• PROBLEM TO WORK ON: Begin at the line containing "Brit Premium Sensitive" in the entries below and end at the line containing "ㆍ룸서비스 : 10% 할인 (모든 메뉴 및 음료)"; transcribe that range exactly and nothing outside it.

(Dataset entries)
────────

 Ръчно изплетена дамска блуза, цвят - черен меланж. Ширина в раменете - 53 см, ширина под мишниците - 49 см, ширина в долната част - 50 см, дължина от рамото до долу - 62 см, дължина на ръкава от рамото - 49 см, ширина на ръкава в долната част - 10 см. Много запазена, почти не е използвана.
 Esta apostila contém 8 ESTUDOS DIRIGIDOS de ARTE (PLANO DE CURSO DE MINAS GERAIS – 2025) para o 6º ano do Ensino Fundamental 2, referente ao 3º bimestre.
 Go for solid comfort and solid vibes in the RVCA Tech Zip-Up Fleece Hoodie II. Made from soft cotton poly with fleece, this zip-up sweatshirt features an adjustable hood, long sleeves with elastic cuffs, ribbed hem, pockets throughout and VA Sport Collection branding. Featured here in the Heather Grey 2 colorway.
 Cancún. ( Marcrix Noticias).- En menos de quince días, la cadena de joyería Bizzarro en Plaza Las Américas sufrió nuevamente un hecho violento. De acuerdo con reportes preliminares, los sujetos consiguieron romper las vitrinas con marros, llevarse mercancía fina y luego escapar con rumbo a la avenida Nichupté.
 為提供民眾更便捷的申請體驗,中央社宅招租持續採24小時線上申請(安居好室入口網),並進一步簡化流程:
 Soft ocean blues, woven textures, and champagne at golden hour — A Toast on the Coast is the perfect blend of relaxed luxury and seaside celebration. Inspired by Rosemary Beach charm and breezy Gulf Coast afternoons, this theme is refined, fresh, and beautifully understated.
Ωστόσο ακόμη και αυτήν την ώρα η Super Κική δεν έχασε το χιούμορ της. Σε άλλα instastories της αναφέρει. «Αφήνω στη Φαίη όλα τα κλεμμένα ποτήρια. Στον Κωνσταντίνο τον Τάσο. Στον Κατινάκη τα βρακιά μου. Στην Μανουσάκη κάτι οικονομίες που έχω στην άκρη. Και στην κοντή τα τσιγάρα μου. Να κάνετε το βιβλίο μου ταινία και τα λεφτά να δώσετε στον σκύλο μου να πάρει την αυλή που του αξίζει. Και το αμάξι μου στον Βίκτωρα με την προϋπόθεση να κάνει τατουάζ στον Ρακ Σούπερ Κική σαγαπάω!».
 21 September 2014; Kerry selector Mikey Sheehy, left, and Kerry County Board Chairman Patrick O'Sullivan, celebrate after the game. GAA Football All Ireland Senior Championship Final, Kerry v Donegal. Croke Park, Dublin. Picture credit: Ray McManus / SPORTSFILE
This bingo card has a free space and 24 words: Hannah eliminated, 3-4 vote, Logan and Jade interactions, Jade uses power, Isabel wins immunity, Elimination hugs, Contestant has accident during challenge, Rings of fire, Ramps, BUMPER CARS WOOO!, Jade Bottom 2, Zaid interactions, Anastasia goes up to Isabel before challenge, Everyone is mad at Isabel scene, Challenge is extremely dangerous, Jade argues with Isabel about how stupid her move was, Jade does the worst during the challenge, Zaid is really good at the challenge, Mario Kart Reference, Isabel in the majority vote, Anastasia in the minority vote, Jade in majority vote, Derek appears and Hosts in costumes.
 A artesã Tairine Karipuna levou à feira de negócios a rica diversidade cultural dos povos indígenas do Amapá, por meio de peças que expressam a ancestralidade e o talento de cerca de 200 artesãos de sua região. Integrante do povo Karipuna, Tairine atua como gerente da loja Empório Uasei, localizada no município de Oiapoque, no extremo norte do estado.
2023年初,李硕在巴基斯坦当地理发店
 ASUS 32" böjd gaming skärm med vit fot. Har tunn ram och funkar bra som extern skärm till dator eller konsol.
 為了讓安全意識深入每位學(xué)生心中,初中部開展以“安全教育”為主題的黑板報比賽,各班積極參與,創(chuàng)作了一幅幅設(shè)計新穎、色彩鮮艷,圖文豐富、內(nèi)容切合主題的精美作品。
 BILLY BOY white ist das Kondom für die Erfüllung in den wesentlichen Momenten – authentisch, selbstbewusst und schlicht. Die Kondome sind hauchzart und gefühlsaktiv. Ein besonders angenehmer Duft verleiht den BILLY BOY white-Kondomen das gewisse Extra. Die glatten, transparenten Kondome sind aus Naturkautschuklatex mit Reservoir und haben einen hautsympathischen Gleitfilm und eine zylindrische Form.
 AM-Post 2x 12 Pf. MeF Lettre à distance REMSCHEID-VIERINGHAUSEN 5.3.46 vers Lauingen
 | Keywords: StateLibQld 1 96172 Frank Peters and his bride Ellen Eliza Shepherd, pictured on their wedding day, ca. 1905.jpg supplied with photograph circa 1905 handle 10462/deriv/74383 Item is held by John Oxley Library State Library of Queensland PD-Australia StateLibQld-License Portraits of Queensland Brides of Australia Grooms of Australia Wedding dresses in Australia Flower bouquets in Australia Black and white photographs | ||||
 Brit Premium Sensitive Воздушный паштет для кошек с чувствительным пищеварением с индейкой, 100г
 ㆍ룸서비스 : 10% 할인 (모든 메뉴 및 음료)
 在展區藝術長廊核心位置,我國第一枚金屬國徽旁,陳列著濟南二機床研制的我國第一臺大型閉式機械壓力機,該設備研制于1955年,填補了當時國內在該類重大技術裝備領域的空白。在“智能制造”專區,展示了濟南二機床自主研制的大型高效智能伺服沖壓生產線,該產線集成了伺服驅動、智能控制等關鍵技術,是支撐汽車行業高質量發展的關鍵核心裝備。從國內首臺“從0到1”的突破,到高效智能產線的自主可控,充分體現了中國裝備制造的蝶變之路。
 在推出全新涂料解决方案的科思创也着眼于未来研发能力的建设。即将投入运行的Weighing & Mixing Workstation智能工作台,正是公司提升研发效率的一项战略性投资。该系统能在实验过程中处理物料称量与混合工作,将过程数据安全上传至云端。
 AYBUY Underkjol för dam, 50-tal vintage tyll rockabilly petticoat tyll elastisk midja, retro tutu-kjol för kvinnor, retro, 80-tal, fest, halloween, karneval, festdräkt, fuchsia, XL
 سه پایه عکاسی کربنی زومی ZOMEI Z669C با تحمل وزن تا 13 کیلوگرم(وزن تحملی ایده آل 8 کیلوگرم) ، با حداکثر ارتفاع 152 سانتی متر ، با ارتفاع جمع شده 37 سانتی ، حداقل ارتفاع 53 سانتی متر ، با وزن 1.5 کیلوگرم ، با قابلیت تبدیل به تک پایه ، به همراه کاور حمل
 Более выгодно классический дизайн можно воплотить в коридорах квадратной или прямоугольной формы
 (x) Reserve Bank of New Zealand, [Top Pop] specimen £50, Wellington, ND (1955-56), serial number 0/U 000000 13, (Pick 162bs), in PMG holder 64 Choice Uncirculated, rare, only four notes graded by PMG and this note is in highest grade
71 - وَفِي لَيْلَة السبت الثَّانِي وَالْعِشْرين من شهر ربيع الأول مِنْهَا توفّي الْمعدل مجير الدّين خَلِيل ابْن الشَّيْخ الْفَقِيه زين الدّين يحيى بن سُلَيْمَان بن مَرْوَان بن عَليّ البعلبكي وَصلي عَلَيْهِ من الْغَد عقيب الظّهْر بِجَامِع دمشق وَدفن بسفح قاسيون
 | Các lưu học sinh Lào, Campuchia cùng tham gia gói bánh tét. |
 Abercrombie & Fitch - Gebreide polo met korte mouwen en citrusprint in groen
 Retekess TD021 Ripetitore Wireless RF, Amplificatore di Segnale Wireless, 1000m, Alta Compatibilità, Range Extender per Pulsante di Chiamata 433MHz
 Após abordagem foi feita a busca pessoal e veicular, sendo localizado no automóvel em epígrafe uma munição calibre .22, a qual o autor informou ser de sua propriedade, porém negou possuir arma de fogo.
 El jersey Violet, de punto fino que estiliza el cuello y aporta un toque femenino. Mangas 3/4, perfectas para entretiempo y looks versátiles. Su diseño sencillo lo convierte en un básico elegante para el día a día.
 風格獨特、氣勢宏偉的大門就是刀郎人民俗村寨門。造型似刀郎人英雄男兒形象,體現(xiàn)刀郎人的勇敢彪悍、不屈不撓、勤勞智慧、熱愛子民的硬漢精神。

────────

• TASK OUTPUT:
 Brit Premium Sensitive Воздушный паштет для кошек с чувствительным пищеварением с индейкой, 100г
 ㆍ룸서비스 : 10% 할인 (모든 메뉴 및 음료)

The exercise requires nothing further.